The North Otago Rugby Football Union (NORFU) is a New Zealand rugby union province based in Oamaru and compete in the Heartland Championship. They are one of the strongest teams in The Heartland Championship, winning the Meads Cup section of the competition in its second year, 2007 as well as 2010. Their home ground is Whitestone Contracting Stadium, formerly Centennial Park.

The North Otago Rugby Football Union was founded in 1927 and over the years they have had many highs and lows.  In 1930 they hosted the All Blacks before the first test against the British and Irish Lions, In 1962 they hosted and beat Australia during their tour of New Zealand. In the NPC they had sat near the bottom of the third division table until they beat Horowhenua-Kapiti Rugby Football Union in the final in 2002 and moved to the second division where they were regular semi-finalists.

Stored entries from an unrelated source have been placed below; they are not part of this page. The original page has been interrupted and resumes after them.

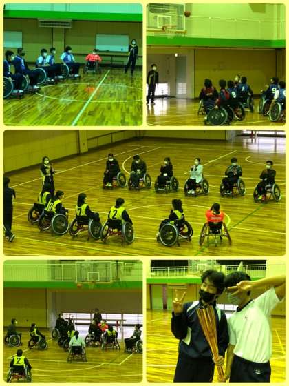 8年生は、日本生命のバスケットボールチームの方々をお招きして、体験学習を行いました。競技用車いすの特徴を学んだあと、ミニゲームを行いました。見事にシュートを決めた生徒もいて、大いに盛り上がりました。
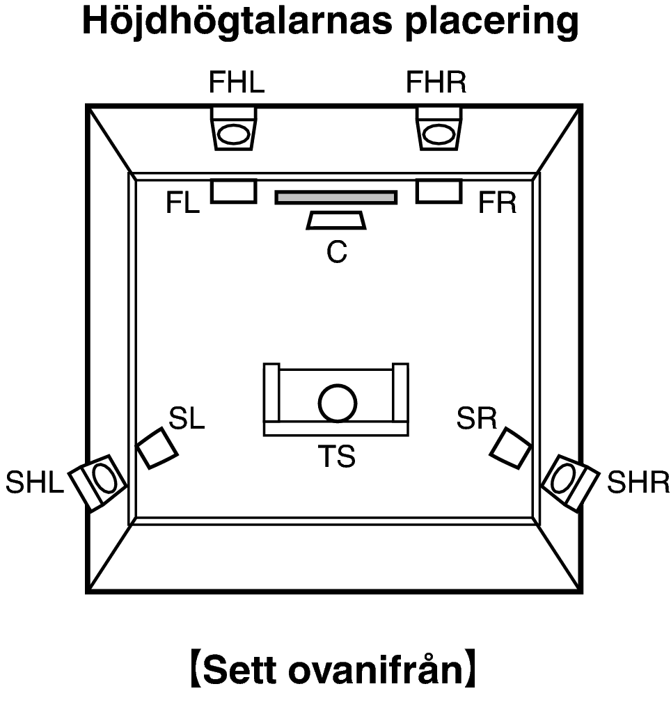 Placera vänster och höger FRONT HEIGHT-högtalare precis ovanför fronthögtalarna. Montera dem så nära taket som möjligt och rikta dem mot den primära avlyssningspositionen.
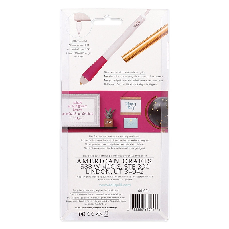 Ручка підключається до порту USB. В комплект входить сама ручка та рулон термотрансферної фольги 122 х 15,5 см (золотого кольору).
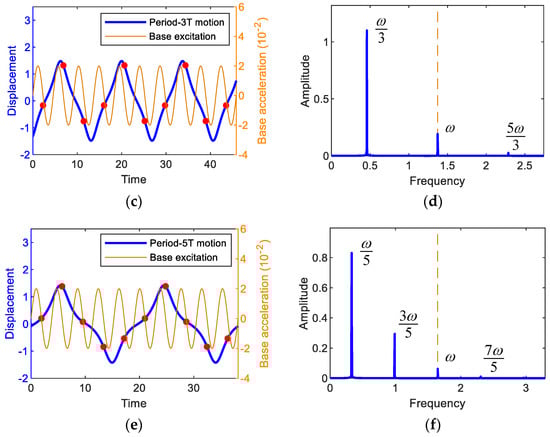 (first column) Time responses and (second column) the associated amplitude spectra, obtained by the fast Fourier transform. In (a,b) the period-1T motion when A = 0.02 and ω = 0.82, in (c,d) the period-3T motion when A = 0.02 and ω = 1.37, and in (e,f) the period-5T motion when A = 0.02 and ω = 1.65. The base excitation used for this simulation is also presented for comparison. In (a,c,e), the red dots indicate the stroboscopic projections of the oscillations, which are synchronized with the period T of the base excitation.
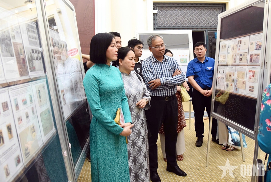 Delegierte besichtigen ausgestellte Briefmarken. (Foto: qdnd.vn) |
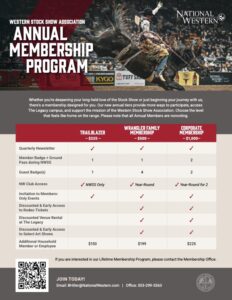About Membership: Membership in the Western Stock Show Association is open to any individual or entity interested in the educational purposes of the Association in the fields of livestock and agriculture. Association members are encouraged to participate at the Annual Meeting of the Members held each May and special membership meetings held throughout the year. Member support of and at the National Western Stock Show each January is encouraged and appreciated.
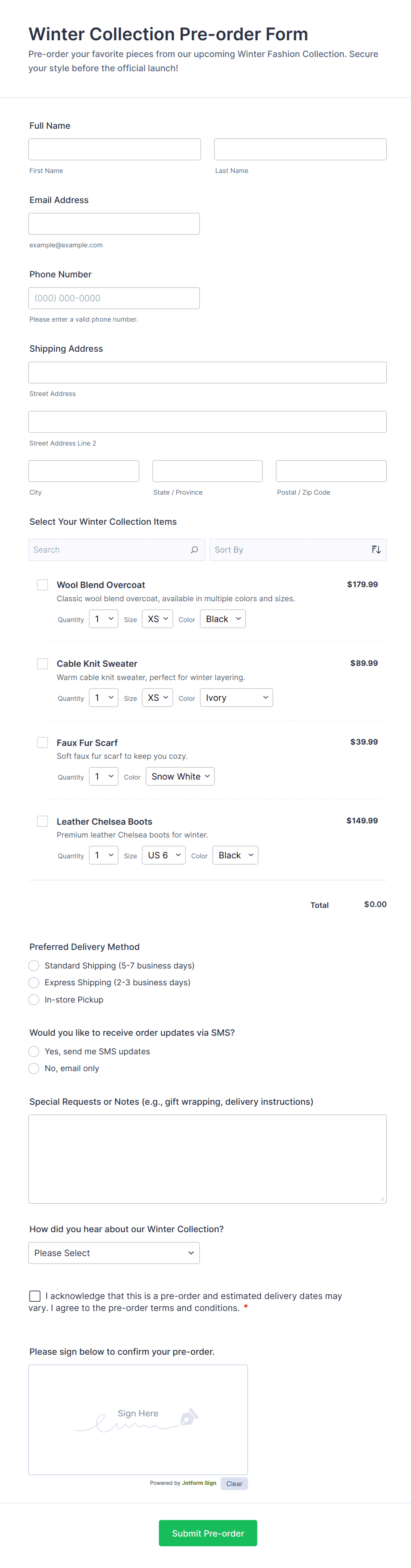 Embed a free Pre-Order Form Template in your store’s website to instantly process product pre-orders online. Free to use, easy to customize!
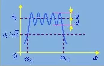 在一定频率范围内,实际滤波器的幅频特性可能呈波纹变化,其波动幅度d与幅频特性的平均值A0相比,越小越好,一般应远小于-3dB。
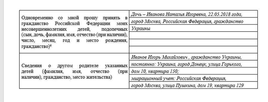 Сведения , пункты в заявлении по Указу составляются также, как в основной анкете на гражданство. Информацию по их заполнению вы найдете выше в статье. На фото вы можете посмотреть образец того, как выглядят данные пункты в анкете для ДНР.
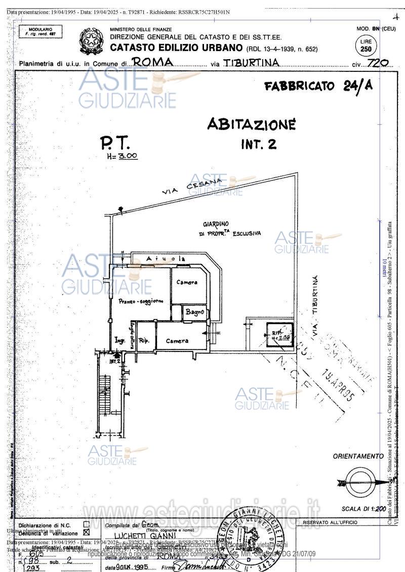 Vendita all'asta Senza incanto, con gara telematica asincrona - LOTTO UNICO: Via Tiburtina n.720, edificio 24, scala A, interno 2, piano Terra anche con ingresso privato con cancello pedonale su Via Luigi Cesana n.1 e precisamente: appartamento composto da soggiorno, cucina, due camere, un bagno ed un ripostiglio; completa la proprietà un giardino esterno su cui insiste un ripostiglio. Il tutto per una superficie convenzionale complessiva di circa mq. 135,55. Prezzo base € 291.000,00 (offerta minima € 218.250,00). Data inizio operazioni di vendita: 24/06/2026 ore 14:00. Giudice Russo. Professionista delegato alla vendita Avv. Alessandro Paoletti. Custode Giudiziario Ivg Di Roma Srl - Email "pvp@visiteivgroma.it"; Tel. 0683751500. Rif. Tribunale di Roma - Espropriazione immobiliare (cartabia) n. 861/2024
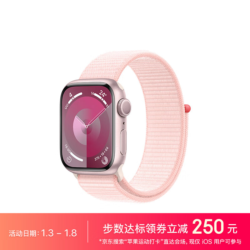 Apple Watch Series 9 智能手表GPS款41毫米粉色铝金属表壳 亮粉色回环式运动表带 健康手表S9 MR953CH/A价格:2999.00元!
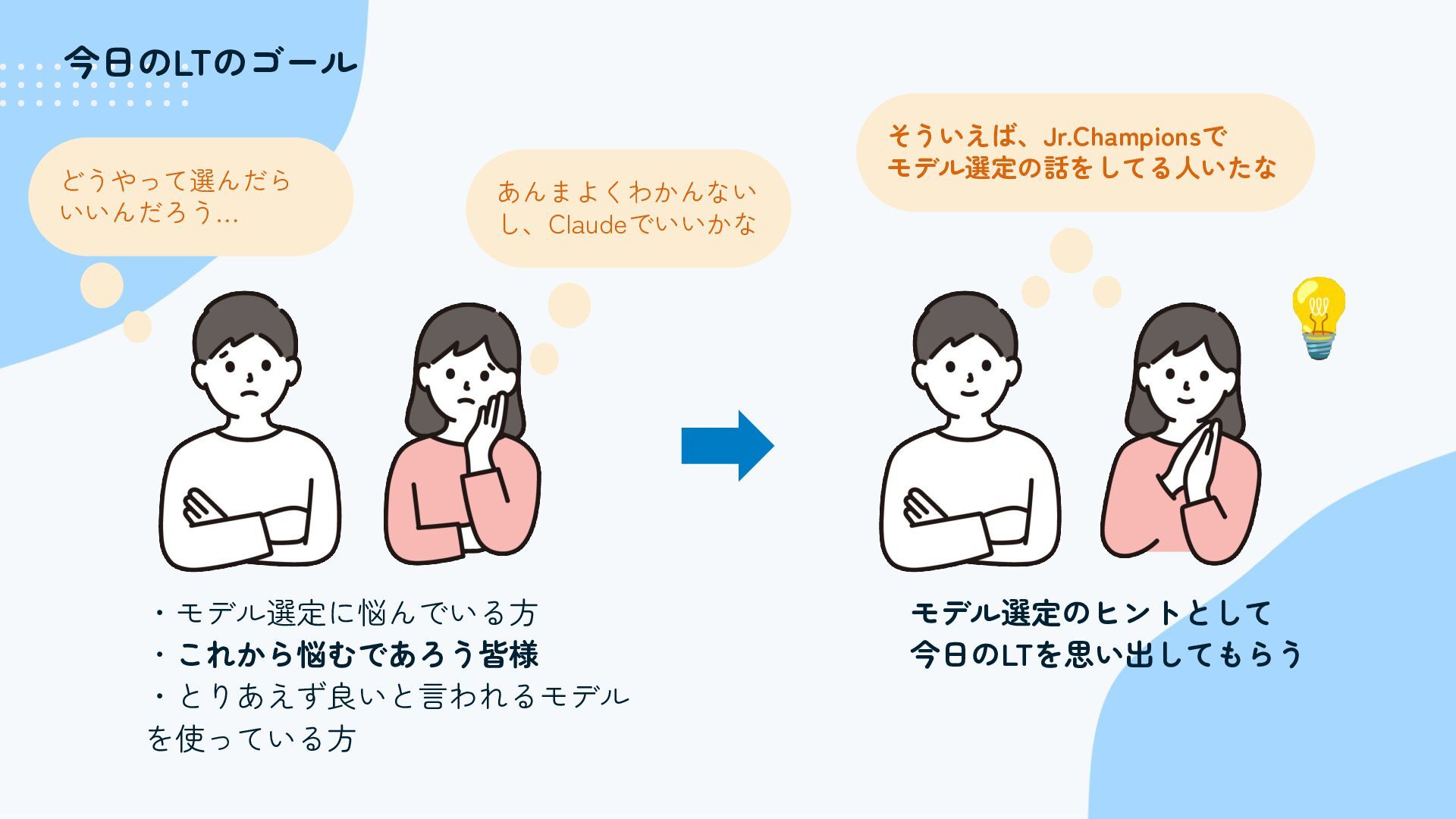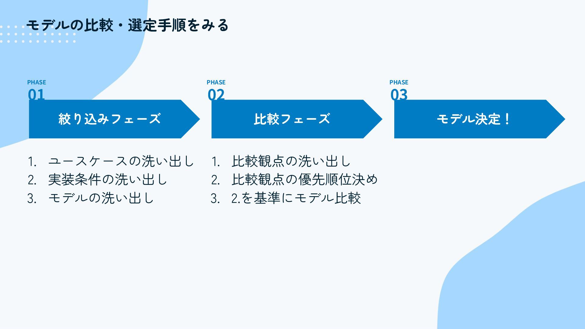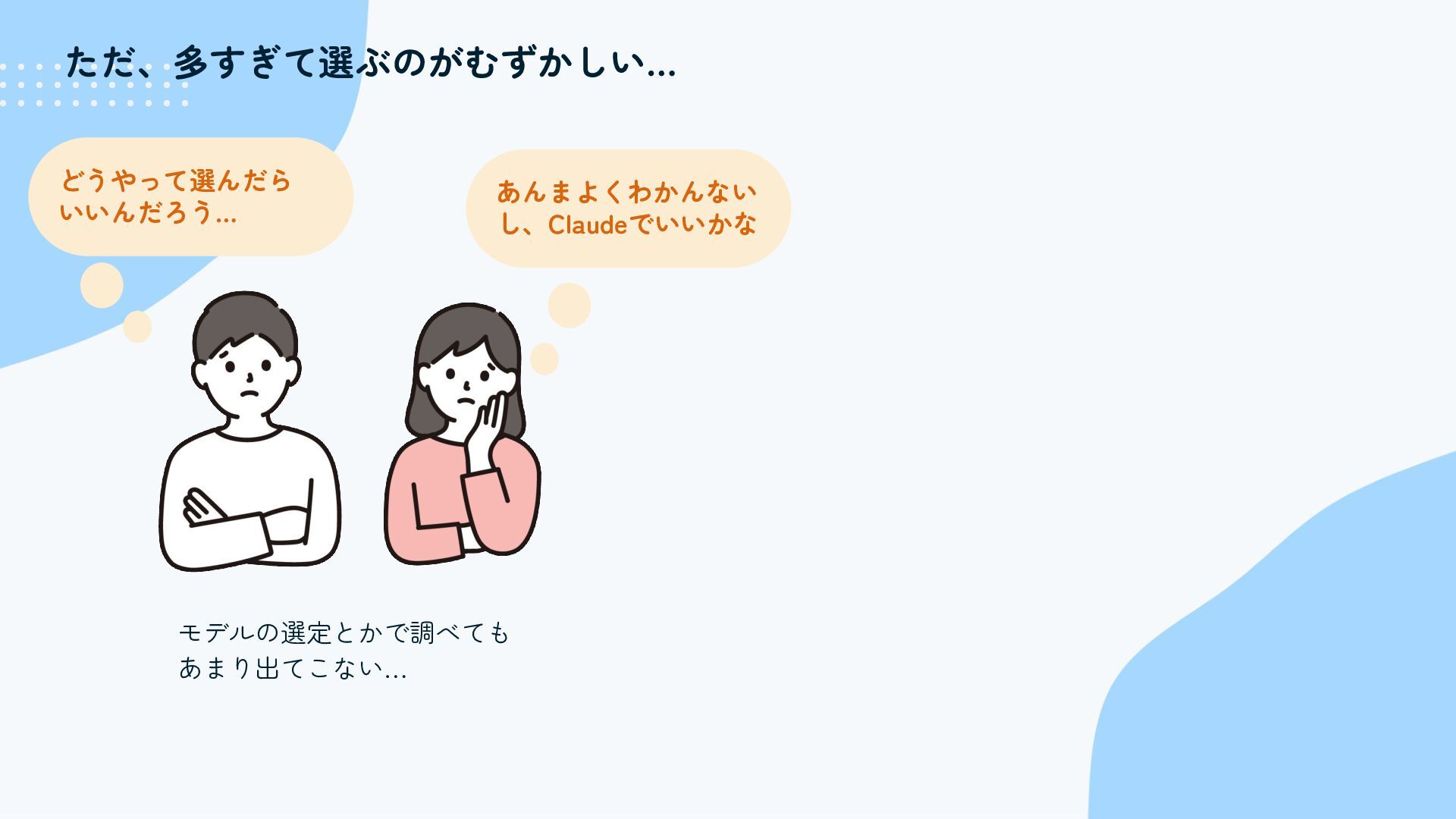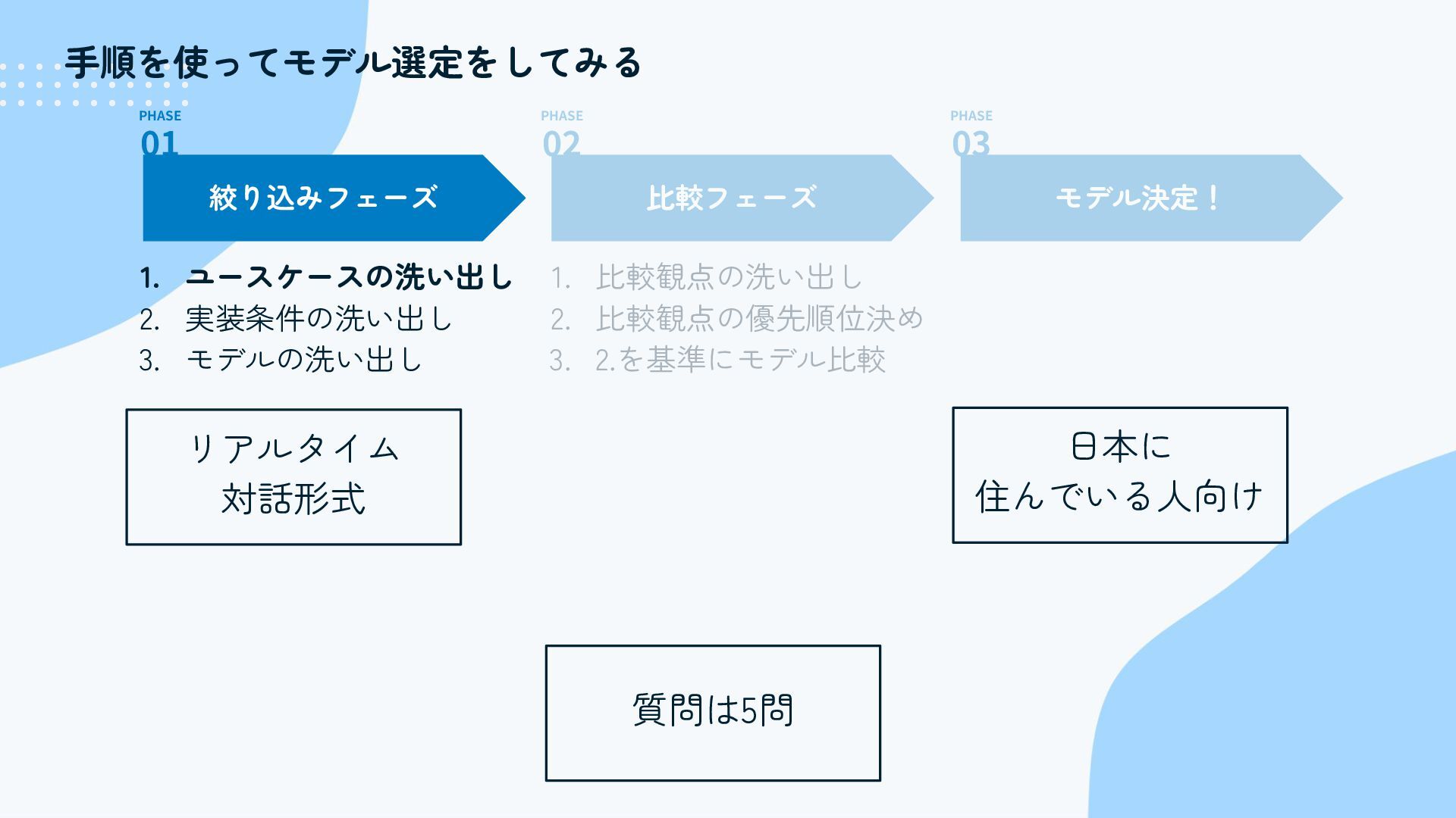 Sonnet v2 Claude 3.7 Sonnet Claude Sonnet 4 回答の違和 感のなさ × △ ◦ ◦ ◦ ◦ コスト ◦ ◎ ◎ △ △ △ クォータ上 限 オンデマンド 50 RPM 100 k TPM クロスリージョ ン 100 RPM 200 k TPM オンデマンド 100 RPM 100 k TPM クロスリージョン 200 RPM 200 k TPM オンデマンド 100 RPM 100 k TPM クロスリージョン 200 RPM 200 k TPM クロスリージョン 50 RPM 400 k TPM クロスリージョン 50 RPM 50 k TPM クロスリージョン 200 RPM 200 kTPM 応答速度 3437 ms 2686 ms 818 ms 2900 ms 5155 ms 5222 ms 絞り込みフェーズ 比較フェーズ PHASE 01 PHASE 02 1. ユースケースの洗い出し 2. 実装条件の洗い出し 3. モデルの洗い出し 1. 比較観点の洗い出し 2. 比較観点の優先順位決め 3. 2.を基準にモデル比較 モデル決定! PHASE 03 ※気合いで調べてください

In the 2006 Heartland Championship they lost the Meads Cup semi-final to Wairarapa Bush Rugby Football Union after being pre-tournament favourites. In 2007 they won the Meads Cup after

In the 2010 competition they won the Meads Cup final 39–18 at home against Wanganui.

History
The North Otago Rugby Football Union was formed in 1904 but didn't join the NZRFU until 1927. In 1930 North Otago played the All Blacks at the Oamaru Showgrounds before the All Blacks first test against the British and Irish Lions, however North Otago lost 6-34. 1946 saw the first Hanan Shield fixture with a 6–9 loss against South Canterbury. In 1947 North Otago had two Ranfurly Shield challenges but both were unsuccessful. 1962 saw the province record a fantastic win over Australia 14-13 and another win against Southland 19-8 but then a narrow loss to Otago 14–11. In 1965 North Otago produced some magic rugby to beat Otago 18–11. The highlight of the 1971 season was the selection of Kurow's Phil Gard for the All Blacks, fourth test against the Lions at Eden Park. The 1980s were unsuccessful years as North Otago won very few games.
 The highlight of the early 1990s was a Ranfurly Shield challenge in 1993 when Auckland brought the trophy on tour. The crowd went delirious after 5 minutes when Brent McEwan scored a try from a set move to give North Otago a 5–0 lead. However, the talent of Auckland then shone through and they scored 139 unanswered points. John Kirwan scored eight tries. The 1997 season proved to be a fairytale effort with the team having its best season yet in NPC rugby. The side finished as top qualifier, won its home semi final and went down to in the final.
 1998 saw North Otago lose only two of its nine games. North Otago was now winning more games in a season than it used to win in a decade. A lot of the credit for the massive resurgence in North Otago rugby during this period must go to the outstanding coaches, Greg Shipton and Peter Cook. In 2000, Glenn Moore took over the reins with Paddy Stewart. Moore, a former Mid Canterbury representative, had instant success with the side and only narrowly lost the final against East Coast 21–25. 2001 looked like North Otago's season, winning all of its seven games. However, in the final it was a disappointing four-point loss to South Canterbury 16–20. 2002 saw the North Otago Rugby Union celebrate its 75th jubilee and it indeed appropriate that in the 75th year of its existence the side should take the third division title beating Horowhenua 43-19 before an ecstatic crowd. 2003 and the challenges of Division Two was very much a daunting task. However, the team responded magnificently and finished in the top four but lost the semi final to Hawke's Bay in Napier in controversial circumstances. The highlight of the season was a superb win against Counties-Manukau. 2004 saw North Otago once again playing above its weight making the semi finals before going down to Nelson Bays.

Club Rugby
North Otago Rugby Football Union is made up of six clubs who play against the Otago Metropolitan Premier Division 2 teams in a combined club competition before playing out for the local Citizens Shield:
Excelsior
Athletic
Kurow
Maheno
Old Boys
Valley
The North Otago Rugby Football Union clubs used to play against the South Canterbury club sides in a combined competition before the combined Otago competition.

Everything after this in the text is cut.